А самолёт всё бежал и бежал по полю. И вот наконец Маша увидела, как человек с флагом махнул флагом ещё раз, и почти сразу после этого вдруг прекратилась тряска. Маша посмотрела на землю. Земля была уже где-то внизу, и самолёт не касался её больше своими колёсами.
— Ах, — сказала мама, — ах, мы, кажется, летим! А Маша захлопала в ладоши и вдруг запела:
Уши у неё были заткнуты ватой, и шум в самолёте от мотора был такой, что она и сама не слышала, что она поёт.
А самолёт поднимался всё выше и выше над землёй. Маша смотрела в окно и видела, как большой дом аэропорта стал совсем маленьким, а потом куда-то исчез.

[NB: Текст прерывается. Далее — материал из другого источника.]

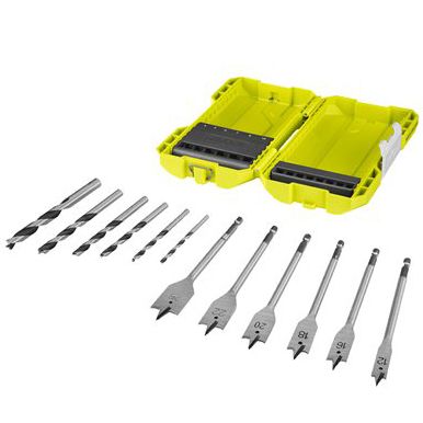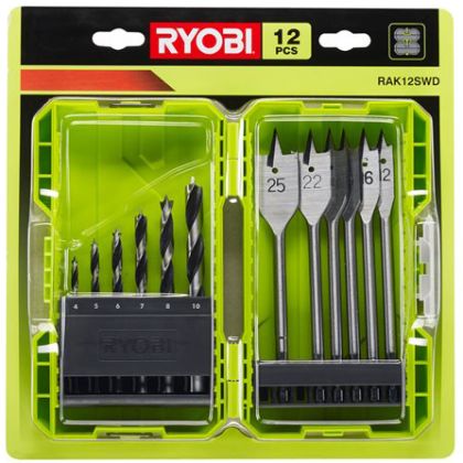 Sada vrtáků do dřeva RYOBI RAK12SWD , 12 ks - 6x plochý vrták + 6x vrták se středícím trnem.
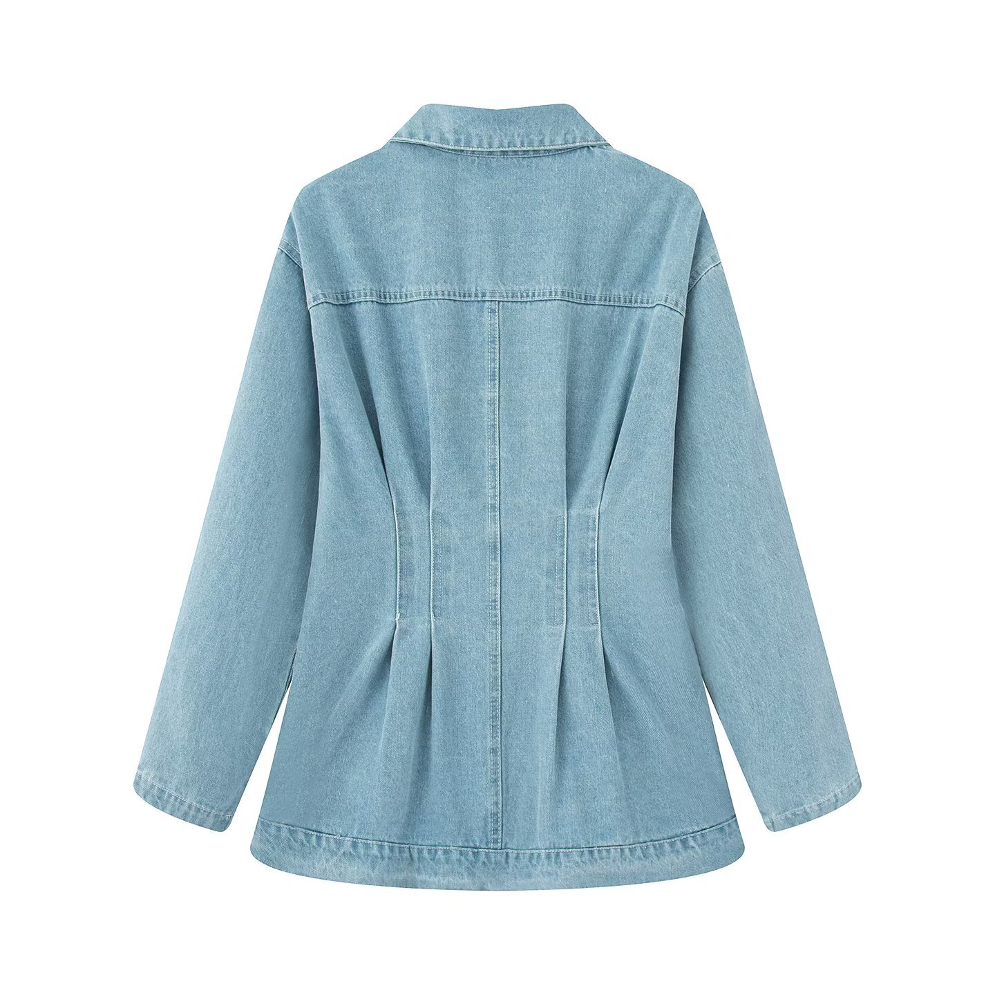 Lapel Waist Denim Jacket and Trousers
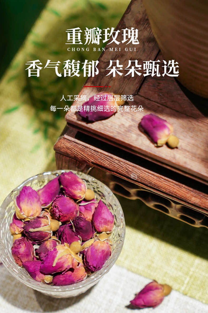 湖畔居重瓣红玫瑰花茶精选头采饱满花蕾冻干女生泡水饮品送礼优选
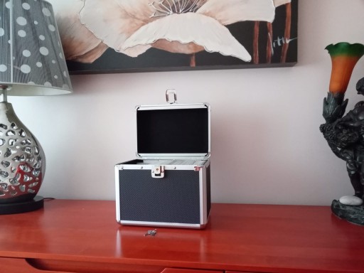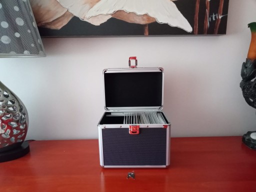 Bezpieczne koperty wykonane z miękkiej fizeliny chronią nośniki przed porysowaniem kufer jest poręczny. Kufer chroni płyty przed zgnieceniem, zarysowaniem kurzem i brudem. Wyposażony jest w zamek z kluczykiem. Wkładki wykończone fizeliną, aby nie rysowały nośnika płyt.
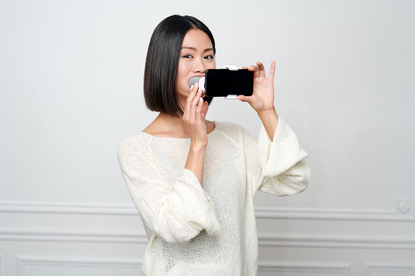 デンタルモニタリングは、AIを使ったスマホアプリによる遠隔チェックシステムです。おうちで週1回、お口の中をスマートフォンで撮影して送信するだけ。
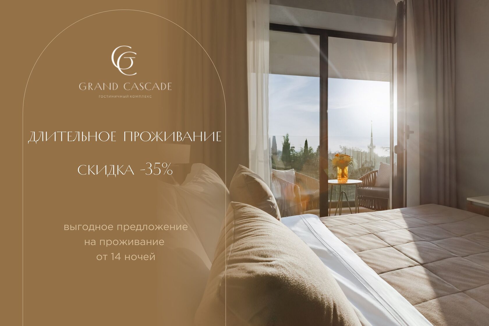 Длительное пребывание в Grand Cascade — это комфорт проживания класса Deluxe в историческом центре Сочи в отеле уровня 5*. Каждый день вас окружает атмосфера приватности, авторский дизайн и инфраструктура премиум-класса — от СПА-комплекса MIR SPA&Beauty до ресторана от Novikov Group.
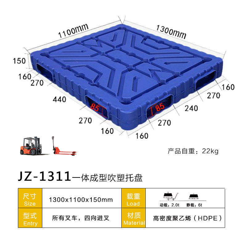雙面吹塑托盤采用吹塑成型工藝,通常需要使用大型的中空成型機(jī)進(jìn)行生產(chǎn)。這種托盤的設(shè)計(jì)允許其正反兩面均可使用,因此被稱為雙面塑料托盤。雙面吹塑塑料托盤的優(yōu)點(diǎn)包括承載能力強(qiáng)、使用壽命長(zhǎng),這得益于其內(nèi)部設(shè)計(jì)了X軸向緯筋、Y軸向縱筋、Z軸向豎筋,以及內(nèi)部至少包含兩個(gè)支撐架,面板的兩頭向內(nèi)折回,從而增強(qiáng)了其承載
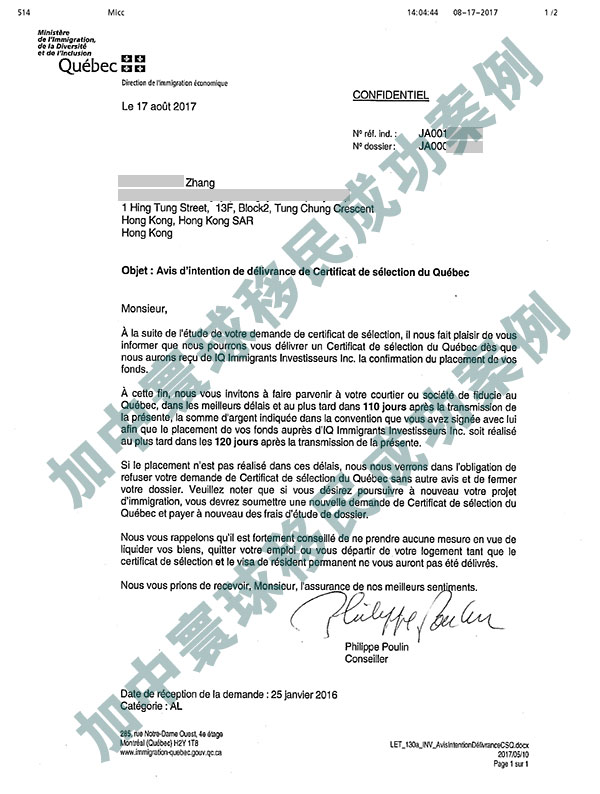 2017年8月18日,加拿大移民魁省項目,張先生免面試通過打款
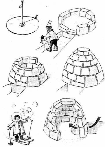 При необходимости можно оборудовать более надежное укрытие. Самое надежное и прочное зимнее укрытие- ИГЛУ. Оно пришло к нам от эскимосов- жителей Арктики.
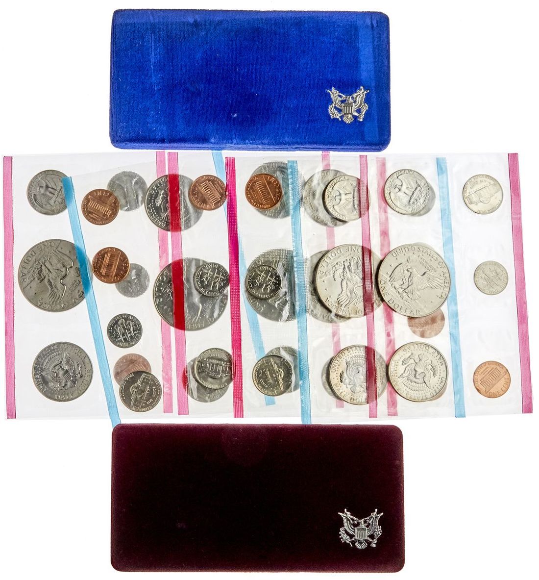 Assortment of modern Commemoratives, Proof and Mint Sets and Singles. Commemoratives: Proof Dollars - 1988 Olympics, 1990 Eisenhower Centennial; 1982 Proof Washington Half Dollar;  Olympic 1983 and 1984 Proof Dollar set; 1986 Statue of Liberty Half Dollar and Dollar Proof set; Proof sets - 1970, 1971 (3), 1972 (3), 1973, 1974, 1975 (2), 1976, 1978 (3), 1979 (3), 1980, 1981, 1982, 1984 (2), 1985 (2), 1986, 1989, 1993; 1984 Prestige Proof set;1993 Premier Proof set; Mint sets. 1968, 1973 (6); and Uncirculated Eisenhower Silver Dollars 1972, 1973 (2).
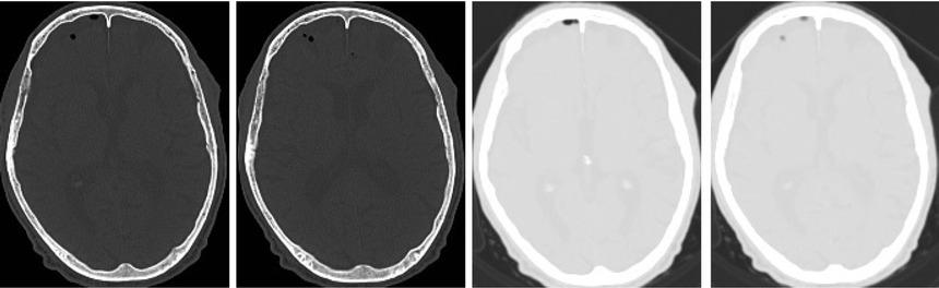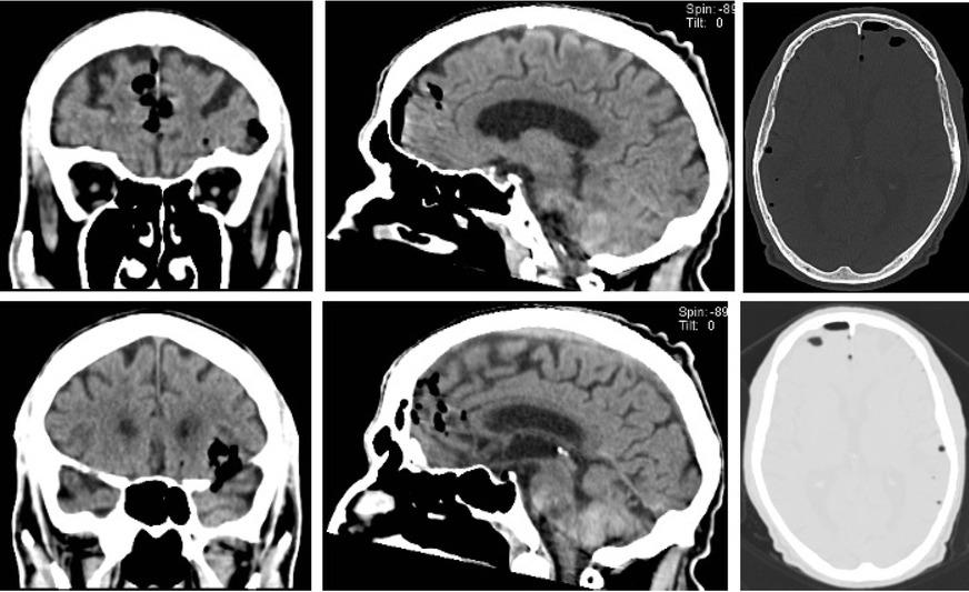 A second head CT scan was performed on the second postoperative day, five hours after the end of the hyperbaric oxygen therapy session, showed a significant reduction in the air bubble volume (Figure 2), with only minor residual air foci in the right anterior subdural space, in the left frontal and temporal cortical grooves. No further hyperbaric oxygen therapy was needed.
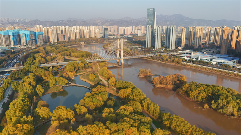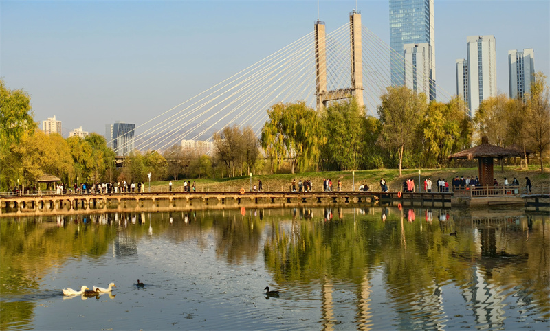11月16日,市民在兰州银滩湿地公园赏景游玩。初冬时节,兰州银滩湿地公园层林尽染、景色如画,成为市民健身漫步的好去处。
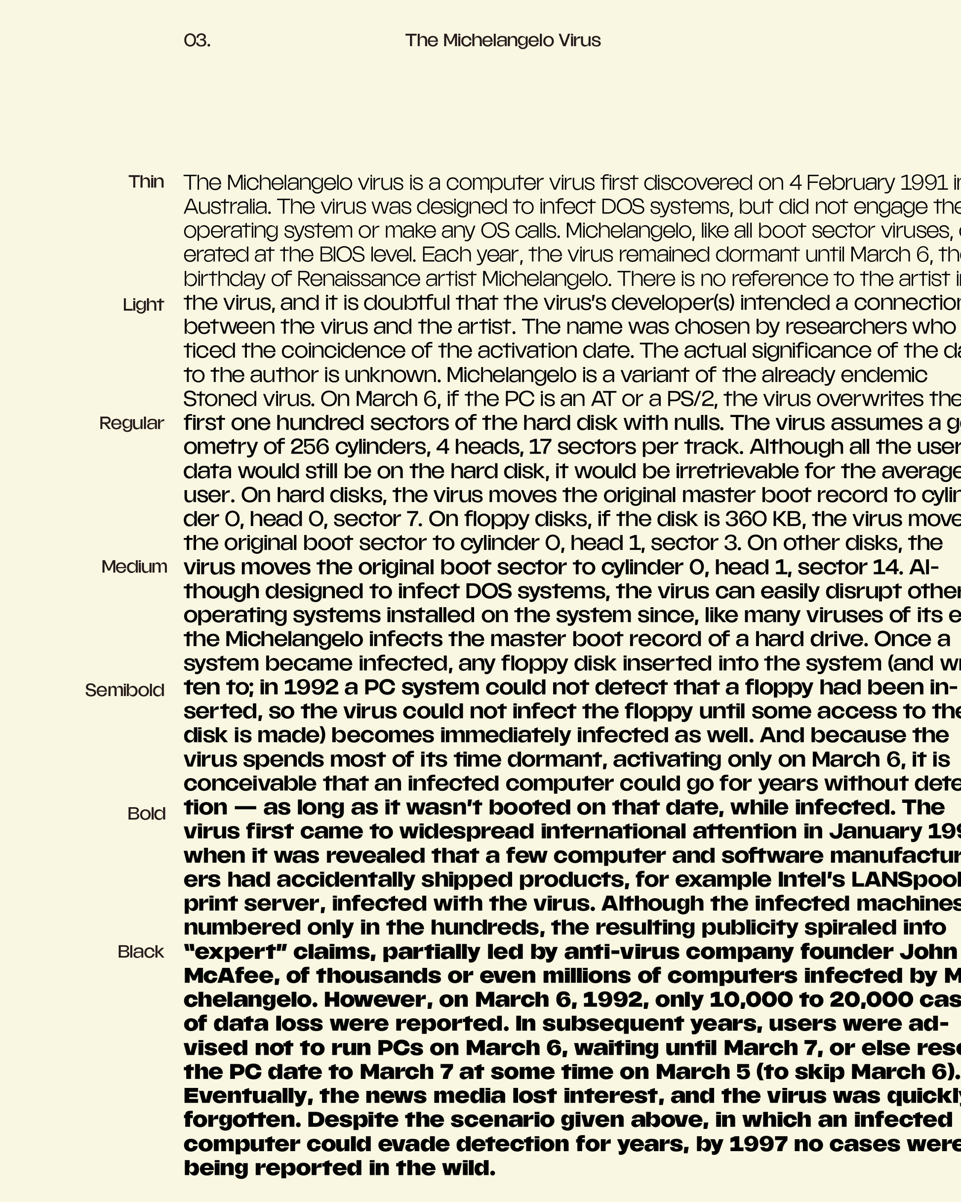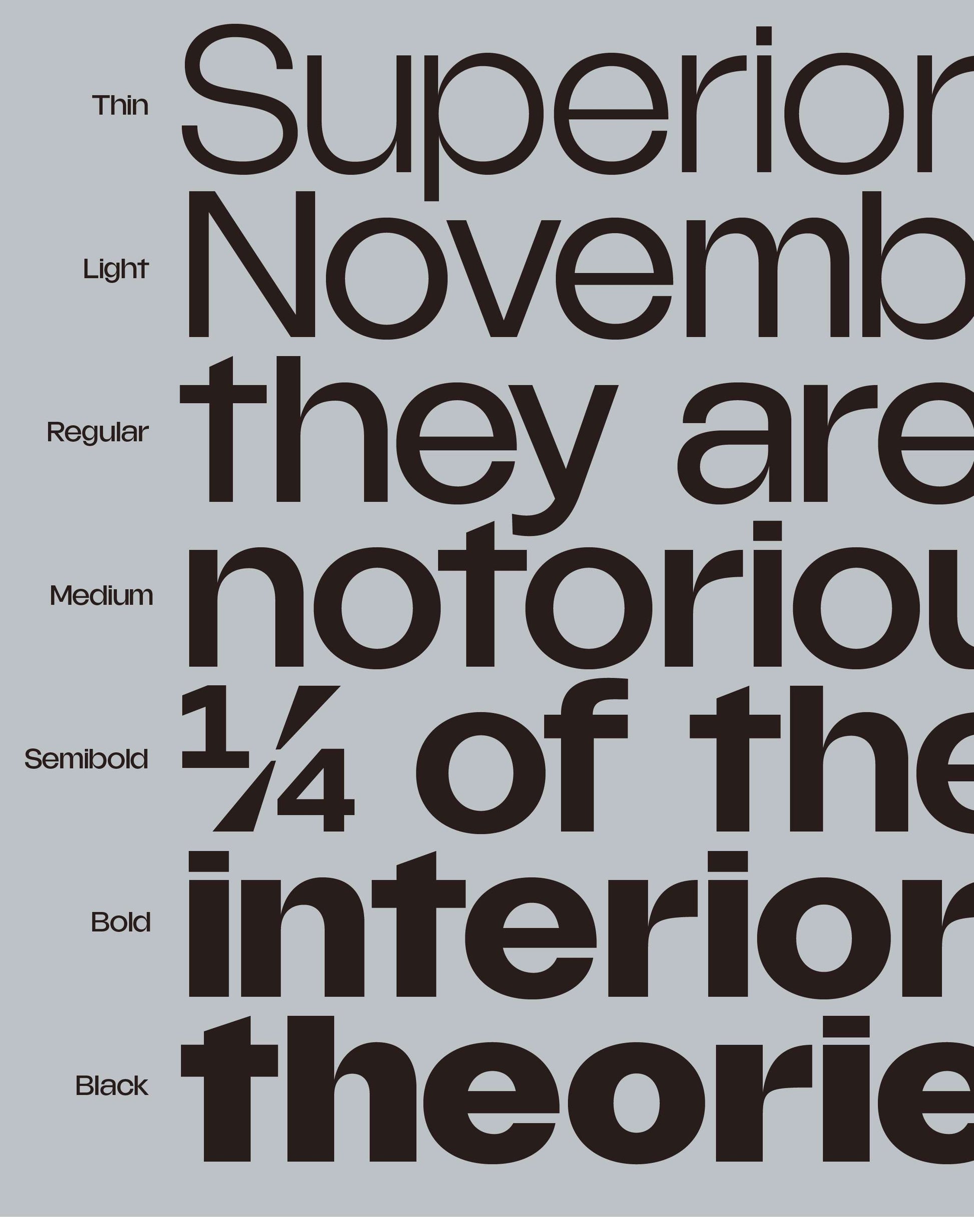 The family is composed of 7 weights spanning from Thin to Black, and offers a wide range of OpenType features, such as case-sensitive punctuation, stylistic alternates, old-style figures, superiors, inferiors and fractions - as well as Full Latin and Basic Cyrillic support.
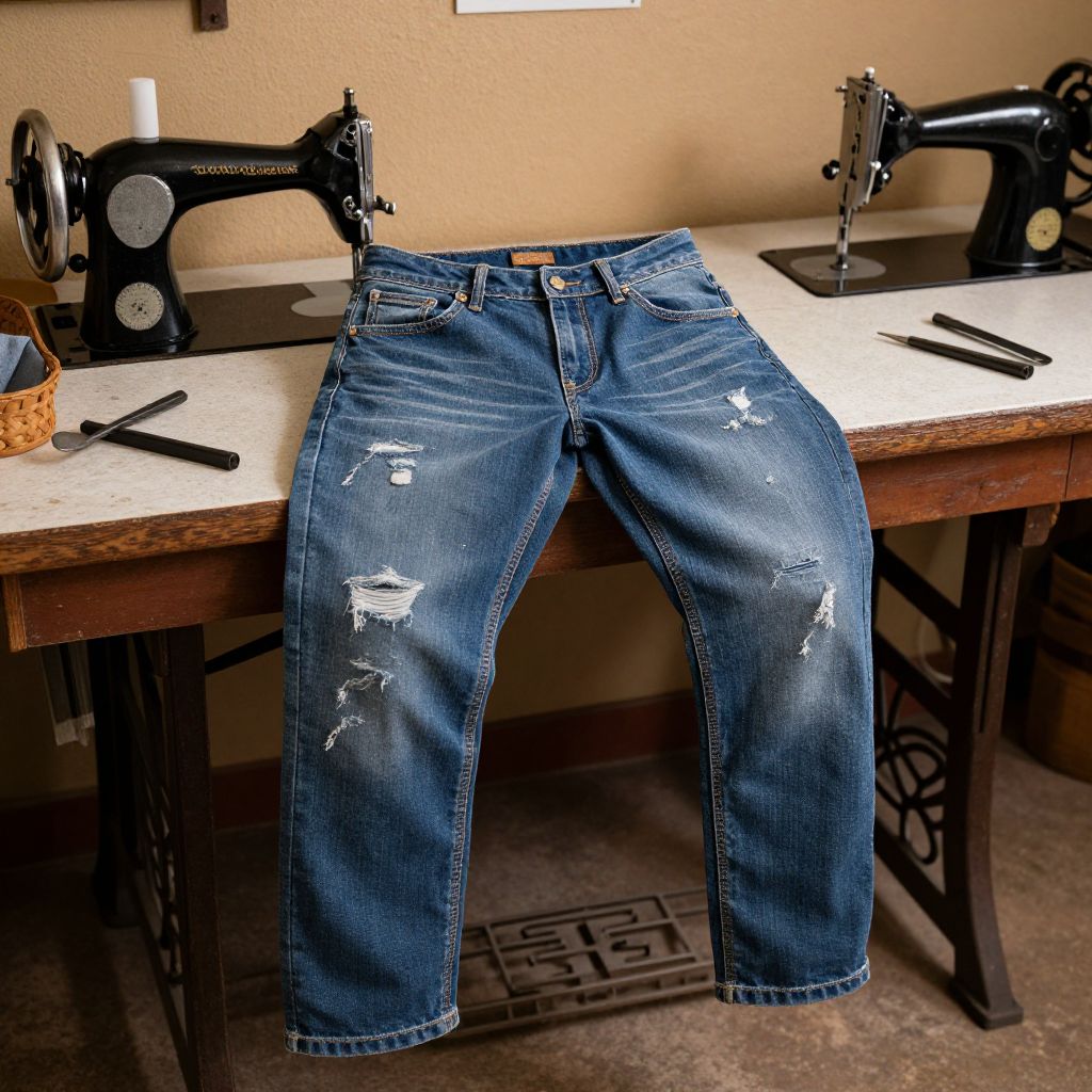 Photograph of a wooden sewing table with two black vintage Singer sewing machines flanking a pair of distressed blue jeans, featuring multiple white rips and fading. The jeans are centered on the table, with a wicker basket to the left and a black sewing knife to the right. The background includes a beige wall and a tiled floor with a decorative metal grate. The image has a warm, natural light, highlighting the textures of the denim and wood.

Скоро не стало видно и Москвы. Они летели над лесами, полями и реками. Казалось, что они летят очень-очень медленно — почти что на месте стоят. Маша даже крикнула маме:
— Ох, как мы медленно летим! Прямо тише едем, чем трамвай.
А мама в ответ Маше:
— А вон, посмотри, видишь внизу лес?
— Вижу! — крикнула Маша.
— А теперь?
— А теперь уже не вижу, мы уже его пролетели.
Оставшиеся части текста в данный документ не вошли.